**EXTRACTED DATA:**

───

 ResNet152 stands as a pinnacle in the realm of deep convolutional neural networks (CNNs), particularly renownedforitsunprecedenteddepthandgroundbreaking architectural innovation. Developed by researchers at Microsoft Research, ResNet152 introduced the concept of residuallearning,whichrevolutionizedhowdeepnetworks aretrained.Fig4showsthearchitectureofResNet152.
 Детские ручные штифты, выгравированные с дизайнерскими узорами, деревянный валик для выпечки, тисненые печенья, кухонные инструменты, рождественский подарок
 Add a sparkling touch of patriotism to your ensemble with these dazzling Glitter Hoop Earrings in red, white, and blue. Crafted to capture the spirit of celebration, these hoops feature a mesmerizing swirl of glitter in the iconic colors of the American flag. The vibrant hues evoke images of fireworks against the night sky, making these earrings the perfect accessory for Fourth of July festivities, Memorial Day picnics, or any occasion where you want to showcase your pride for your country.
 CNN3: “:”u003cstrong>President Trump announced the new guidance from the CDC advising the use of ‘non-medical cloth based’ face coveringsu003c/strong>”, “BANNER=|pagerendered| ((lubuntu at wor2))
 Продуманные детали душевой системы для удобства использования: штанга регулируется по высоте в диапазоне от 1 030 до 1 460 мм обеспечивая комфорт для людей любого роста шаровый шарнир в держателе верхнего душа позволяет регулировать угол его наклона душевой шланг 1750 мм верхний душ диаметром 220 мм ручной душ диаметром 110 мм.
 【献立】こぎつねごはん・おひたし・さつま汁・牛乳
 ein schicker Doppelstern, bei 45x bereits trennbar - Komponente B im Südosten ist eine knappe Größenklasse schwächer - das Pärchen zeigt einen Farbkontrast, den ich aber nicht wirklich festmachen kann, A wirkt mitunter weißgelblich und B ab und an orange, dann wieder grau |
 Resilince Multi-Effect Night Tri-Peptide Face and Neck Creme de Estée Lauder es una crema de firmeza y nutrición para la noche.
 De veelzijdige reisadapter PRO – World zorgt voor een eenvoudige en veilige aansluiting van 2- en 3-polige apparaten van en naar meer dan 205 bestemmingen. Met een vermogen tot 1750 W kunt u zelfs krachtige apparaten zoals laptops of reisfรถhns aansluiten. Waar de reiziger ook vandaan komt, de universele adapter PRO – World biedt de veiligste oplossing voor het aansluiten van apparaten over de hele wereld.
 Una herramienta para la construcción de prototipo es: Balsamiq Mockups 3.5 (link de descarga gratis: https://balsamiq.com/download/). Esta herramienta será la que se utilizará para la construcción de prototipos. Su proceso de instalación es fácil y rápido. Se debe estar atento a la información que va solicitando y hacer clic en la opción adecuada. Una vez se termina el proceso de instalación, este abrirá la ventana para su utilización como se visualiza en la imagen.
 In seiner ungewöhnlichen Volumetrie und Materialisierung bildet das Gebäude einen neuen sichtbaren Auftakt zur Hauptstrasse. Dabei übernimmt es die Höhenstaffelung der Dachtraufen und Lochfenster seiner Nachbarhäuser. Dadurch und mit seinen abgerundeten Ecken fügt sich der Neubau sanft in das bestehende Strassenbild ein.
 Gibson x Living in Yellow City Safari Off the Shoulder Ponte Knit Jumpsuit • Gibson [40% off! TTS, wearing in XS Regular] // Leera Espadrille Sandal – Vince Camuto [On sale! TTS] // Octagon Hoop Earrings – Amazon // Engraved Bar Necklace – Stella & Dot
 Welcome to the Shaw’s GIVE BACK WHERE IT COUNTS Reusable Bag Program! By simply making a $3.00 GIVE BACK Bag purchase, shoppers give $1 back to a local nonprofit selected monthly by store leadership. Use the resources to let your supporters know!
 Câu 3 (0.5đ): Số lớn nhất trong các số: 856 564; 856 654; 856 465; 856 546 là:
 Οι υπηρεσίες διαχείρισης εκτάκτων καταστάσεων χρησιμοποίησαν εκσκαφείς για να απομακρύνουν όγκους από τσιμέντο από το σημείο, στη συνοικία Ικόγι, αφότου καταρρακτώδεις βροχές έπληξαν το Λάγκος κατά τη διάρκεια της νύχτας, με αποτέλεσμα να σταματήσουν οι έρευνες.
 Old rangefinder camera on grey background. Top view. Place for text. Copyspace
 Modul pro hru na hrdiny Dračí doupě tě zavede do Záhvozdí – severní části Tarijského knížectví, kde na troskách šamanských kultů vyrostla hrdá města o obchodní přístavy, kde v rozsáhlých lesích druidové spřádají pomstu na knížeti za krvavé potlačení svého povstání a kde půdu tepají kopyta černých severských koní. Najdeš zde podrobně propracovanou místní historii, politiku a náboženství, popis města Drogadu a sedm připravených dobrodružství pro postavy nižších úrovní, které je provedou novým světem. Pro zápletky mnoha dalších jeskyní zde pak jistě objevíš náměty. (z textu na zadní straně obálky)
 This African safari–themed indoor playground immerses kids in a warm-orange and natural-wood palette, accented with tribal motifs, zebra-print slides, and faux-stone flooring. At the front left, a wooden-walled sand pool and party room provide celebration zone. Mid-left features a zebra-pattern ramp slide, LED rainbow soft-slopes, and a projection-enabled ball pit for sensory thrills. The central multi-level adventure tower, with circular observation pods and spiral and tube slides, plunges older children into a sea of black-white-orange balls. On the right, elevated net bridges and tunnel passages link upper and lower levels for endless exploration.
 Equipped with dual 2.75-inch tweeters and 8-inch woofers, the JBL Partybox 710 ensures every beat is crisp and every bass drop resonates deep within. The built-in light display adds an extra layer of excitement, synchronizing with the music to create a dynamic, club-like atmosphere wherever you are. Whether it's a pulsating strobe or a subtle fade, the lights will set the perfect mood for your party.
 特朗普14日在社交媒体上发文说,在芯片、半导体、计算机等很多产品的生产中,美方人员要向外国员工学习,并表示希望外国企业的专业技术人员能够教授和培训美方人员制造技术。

───

**WHAT TO WORK ON:**
Would you retype the whole listing, exactly as it reads?

**EXERCISE ANSWER:**
 ResNet152 stands as a pinnacle in the realm of deep convolutional neural networks (CNNs), particularly renownedforitsunprecedenteddepthandgroundbreaking architectural innovation. Developed by researchers at Microsoft Research, ResNet152 introduced the concept of residuallearning,whichrevolutionizedhowdeepnetworks aretrained.Fig4showsthearchitectureofResNet152.
 Детские ручные штифты, выгравированные с дизайнерскими узорами, деревянный валик для выпечки, тисненые печенья, кухонные инструменты, рождественский подарок
 Add a sparkling touch of patriotism to your ensemble with these dazzling Glitter Hoop Earrings in red, white, and blue. Crafted to capture the spirit of celebration, these hoops feature a mesmerizing swirl of glitter in the iconic colors of the American flag. The vibrant hues evoke images of fireworks against the night sky, making these earrings the perfect accessory for Fourth of July festivities, Memorial Day picnics, or any occasion where you want to showcase your pride for your country.
 CNN3: “:”u003cstrong>President Trump announced the new guidance from the CDC advising the use of ‘non-medical cloth based’ face coveringsu003c/strong>”, “BANNER=|pagerendered| ((lubuntu at wor2))
 Продуманные детали душевой системы для удобства использования: штанга регулируется по высоте в диапазоне от 1 030 до 1 460 мм обеспечивая комфорт для людей любого роста шаровый шарнир в держателе верхнего душа позволяет регулировать угол его наклона душевой шланг 1750 мм верхний душ диаметром 220 мм ручной душ диаметром 110 мм.
 【献立】こぎつねごはん・おひたし・さつま汁・牛乳
 ein schicker Doppelstern, bei 45x bereits trennbar - Komponente B im Südosten ist eine knappe Größenklasse schwächer - das Pärchen zeigt einen Farbkontrast, den ich aber nicht wirklich festmachen kann, A wirkt mitunter weißgelblich und B ab und an orange, dann wieder grau |
 Resilince Multi-Effect Night Tri-Peptide Face and Neck Creme de Estée Lauder es una crema de firmeza y nutrición para la noche.
 De veelzijdige reisadapter PRO – World zorgt voor een eenvoudige en veilige aansluiting van 2- en 3-polige apparaten van en naar meer dan 205 bestemmingen. Met een vermogen tot 1750 W kunt u zelfs krachtige apparaten zoals laptops of reisfรถhns aansluiten. Waar de reiziger ook vandaan komt, de universele adapter PRO – World biedt de veiligste oplossing voor het aansluiten van apparaten over de hele wereld.
 Una herramienta para la construcción de prototipo es: Balsamiq Mockups 3.5 (link de descarga gratis: https://balsamiq.com/download/). Esta herramienta será la que se utilizará para la construcción de prototipos. Su proceso de instalación es fácil y rápido. Se debe estar atento a la información que va solicitando y hacer clic en la opción adecuada. Una vez se termina el proceso de instalación, este abrirá la ventana para su utilización como se visualiza en la imagen.
 In seiner ungewöhnlichen Volumetrie und Materialisierung bildet das Gebäude einen neuen sichtbaren Auftakt zur Hauptstrasse. Dabei übernimmt es die Höhenstaffelung der Dachtraufen und Lochfenster seiner Nachbarhäuser. Dadurch und mit seinen abgerundeten Ecken fügt sich der Neubau sanft in das bestehende Strassenbild ein.
 Gibson x Living in Yellow City Safari Off the Shoulder Ponte Knit Jumpsuit • Gibson [40% off! TTS, wearing in XS Regular] // Leera Espadrille Sandal – Vince Camuto [On sale! TTS] // Octagon Hoop Earrings – Amazon // Engraved Bar Necklace – Stella & Dot
 Welcome to the Shaw’s GIVE BACK WHERE IT COUNTS Reusable Bag Program! By simply making a $3.00 GIVE BACK Bag purchase, shoppers give $1 back to a local nonprofit selected monthly by store leadership. Use the resources to let your supporters know!
 Câu 3 (0.5đ): Số lớn nhất trong các số: 856 564; 856 654; 856 465; 856 546 là:
 Οι υπηρεσίες διαχείρισης εκτάκτων καταστάσεων χρησιμοποίησαν εκσκαφείς για να απομακρύνουν όγκους από τσιμέντο από το σημείο, στη συνοικία Ικόγι, αφότου καταρρακτώδεις βροχές έπληξαν το Λάγκος κατά τη διάρκεια της νύχτας, με αποτέλεσμα να σταματήσουν οι έρευνες.
 Old rangefinder camera on grey background. Top view. Place for text. Copyspace
 Modul pro hru na hrdiny Dračí doupě tě zavede do Záhvozdí – severní části Tarijského knížectví, kde na troskách šamanských kultů vyrostla hrdá města o obchodní přístavy, kde v rozsáhlých lesích druidové spřádají pomstu na knížeti za krvavé potlačení svého povstání a kde půdu tepají kopyta černých severských koní. Najdeš zde podrobně propracovanou místní historii, politiku a náboženství, popis města Drogadu a sedm připravených dobrodružství pro postavy nižších úrovní, které je provedou novým světem. Pro zápletky mnoha dalších jeskyní zde pak jistě objevíš náměty. (z textu na zadní straně obálky)
 This African safari–themed indoor playground immerses kids in a warm-orange and natural-wood palette, accented with tribal motifs, zebra-print slides, and faux-stone flooring. At the front left, a wooden-walled sand pool and party room provide celebration zone. Mid-left features a zebra-pattern ramp slide, LED rainbow soft-slopes, and a projection-enabled ball pit for sensory thrills. The central multi-level adventure tower, with circular observation pods and spiral and tube slides, plunges older children into a sea of black-white-orange balls. On the right, elevated net bridges and tunnel passages link upper and lower levels for endless exploration.
 Equipped with dual 2.75-inch tweeters and 8-inch woofers, the JBL Partybox 710 ensures every beat is crisp and every bass drop resonates deep within. The built-in light display adds an extra layer of excitement, synchronizing with the music to create a dynamic, club-like atmosphere wherever you are. Whether it's a pulsating strobe or a subtle fade, the lights will set the perfect mood for your party.
 特朗普14日在社交媒体上发文说,在芯片、半导体、计算机等很多产品的生产中,美方人员要向外国员工学习,并表示希望外国企业的专业技术人员能够教授和培训美方人员制造技术。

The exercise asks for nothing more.